EXERCISE:
Copy the data exactly, pictures aside.
╔══
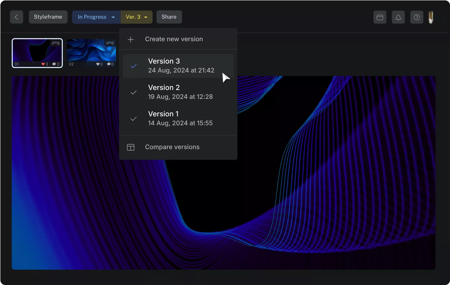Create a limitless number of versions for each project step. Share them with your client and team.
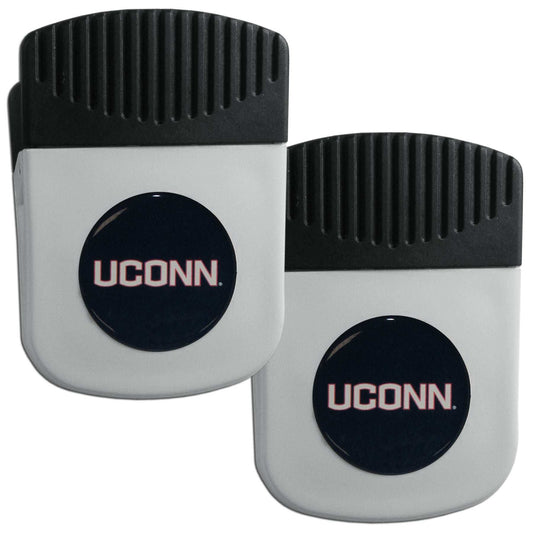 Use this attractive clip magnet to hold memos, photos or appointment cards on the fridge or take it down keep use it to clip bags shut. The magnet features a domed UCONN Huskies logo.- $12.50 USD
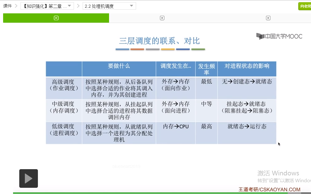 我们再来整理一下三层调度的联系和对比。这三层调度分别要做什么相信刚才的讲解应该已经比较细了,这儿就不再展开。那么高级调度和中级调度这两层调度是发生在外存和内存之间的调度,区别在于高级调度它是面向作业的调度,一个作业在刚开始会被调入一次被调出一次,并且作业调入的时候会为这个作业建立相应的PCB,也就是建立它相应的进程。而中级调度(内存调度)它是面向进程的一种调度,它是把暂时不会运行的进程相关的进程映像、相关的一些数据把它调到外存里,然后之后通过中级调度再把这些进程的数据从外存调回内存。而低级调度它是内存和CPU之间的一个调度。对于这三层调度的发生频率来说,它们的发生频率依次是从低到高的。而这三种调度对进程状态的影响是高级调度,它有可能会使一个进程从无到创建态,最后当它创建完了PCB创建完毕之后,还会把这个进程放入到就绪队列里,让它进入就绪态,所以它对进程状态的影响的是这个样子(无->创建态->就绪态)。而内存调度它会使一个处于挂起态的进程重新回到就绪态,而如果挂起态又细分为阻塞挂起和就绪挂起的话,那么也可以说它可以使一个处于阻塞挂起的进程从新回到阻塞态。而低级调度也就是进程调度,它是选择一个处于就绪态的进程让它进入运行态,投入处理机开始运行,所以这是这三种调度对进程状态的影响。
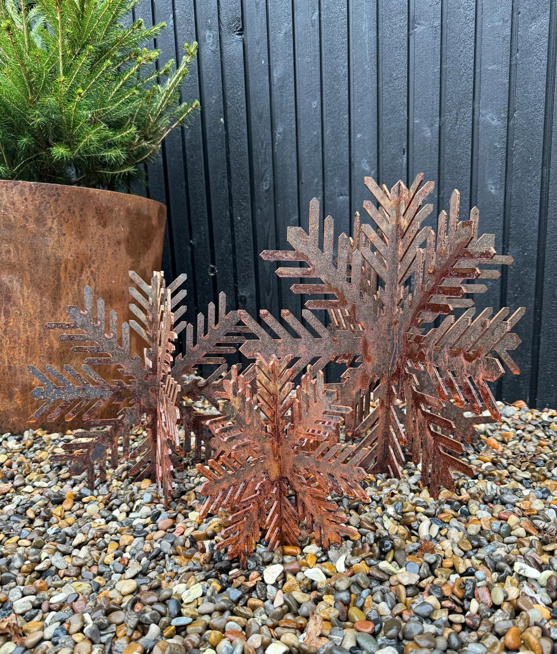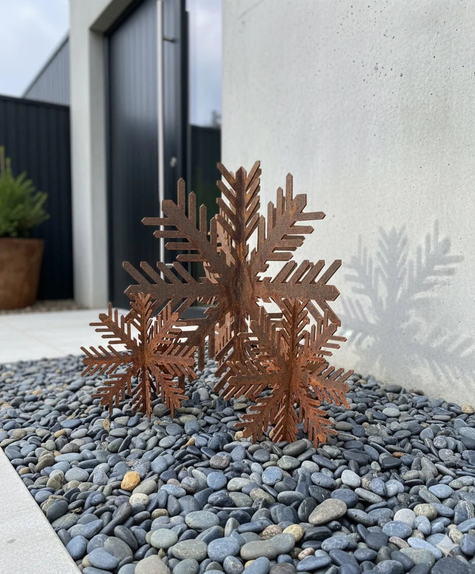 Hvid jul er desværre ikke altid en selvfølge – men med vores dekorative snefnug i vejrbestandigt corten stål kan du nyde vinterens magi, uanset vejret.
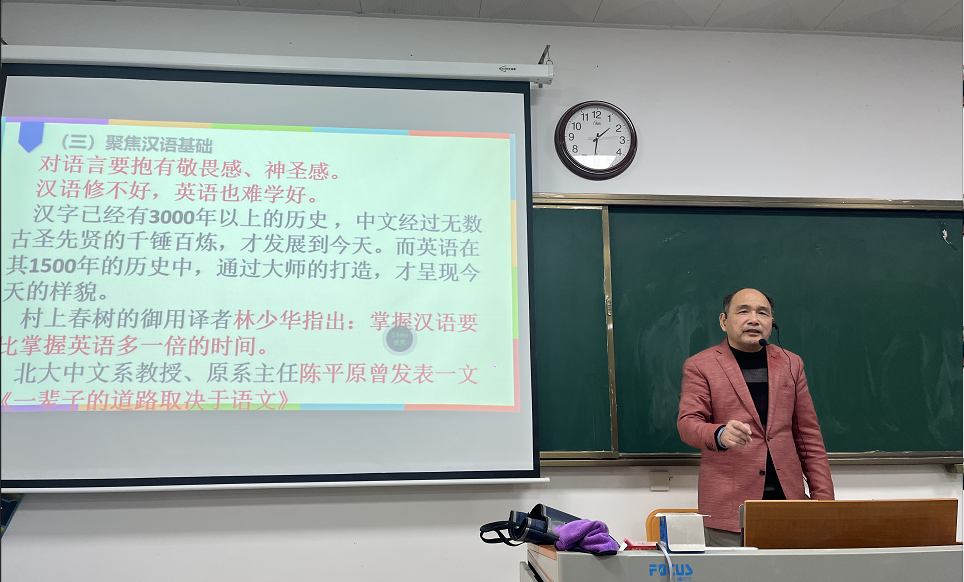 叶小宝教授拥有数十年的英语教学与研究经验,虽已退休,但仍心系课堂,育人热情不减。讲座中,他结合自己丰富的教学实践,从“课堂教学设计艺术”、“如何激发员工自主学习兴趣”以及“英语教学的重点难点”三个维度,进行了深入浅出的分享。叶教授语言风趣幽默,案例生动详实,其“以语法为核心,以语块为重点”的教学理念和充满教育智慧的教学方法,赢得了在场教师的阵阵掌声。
╚══
ANSWER SECTION:
Create a limitless number of versions for each project step. Share them with your client and team.
 Use this attractive clip magnet to hold memos, photos or appointment cards on the fridge or take it down keep use it to clip bags shut. The magnet features a domed UCONN Huskies logo.- $12.50 USD
 我们再来整理一下三层调度的联系和对比。这三层调度分别要做什么相信刚才的讲解应该已经比较细了,这儿就不再展开。那么高级调度和中级调度这两层调度是发生在外存和内存之间的调度,区别在于高级调度它是面向作业的调度,一个作业在刚开始会被调入一次被调出一次,并且作业调入的时候会为这个作业建立相应的PCB,也就是建立它相应的进程。而中级调度(内存调度)它是面向进程的一种调度,它是把暂时不会运行的进程相关的进程映像、相关的一些数据把它调到外存里,然后之后通过中级调度再把这些进程的数据从外存调回内存。而低级调度它是内存和CPU之间的一个调度。对于这三层调度的发生频率来说,它们的发生频率依次是从低到高的。而这三种调度对进程状态的影响是高级调度,它有可能会使一个进程从无到创建态,最后当它创建完了PCB创建完毕之后,还会把这个进程放入到就绪队列里,让它进入就绪态,所以它对进程状态的影响的是这个样子(无->创建态->就绪态)。而内存调度它会使一个处于挂起态的进程重新回到就绪态,而如果挂起态又细分为阻塞挂起和就绪挂起的话,那么也可以说它可以使一个处于阻塞挂起的进程从新回到阻塞态。而低级调度也就是进程调度,它是选择一个处于就绪态的进程让它进入运行态,投入处理机开始运行,所以这是这三种调度对进程状态的影响。
 Hvid jul er desværre ikke altid en selvfølge – men med vores dekorative snefnug i vejrbestandigt corten stål kan du nyde vinterens magi, uanset vejret.
 叶小宝教授拥有数十年的英语教学与研究经验,虽已退休,但仍心系课堂,育人热情不减。讲座中,他结合自己丰富的教学实践,从“课堂教学设计艺术”、“如何激发员工自主学习兴趣”以及“英语教学的重点难点”三个维度,进行了深入浅出的分享。叶教授语言风趣幽默,案例生动详实,其“以语法为核心,以语块为重点”的教学理念和充满教育智慧的教学方法,赢得了在场教师的阵阵掌声。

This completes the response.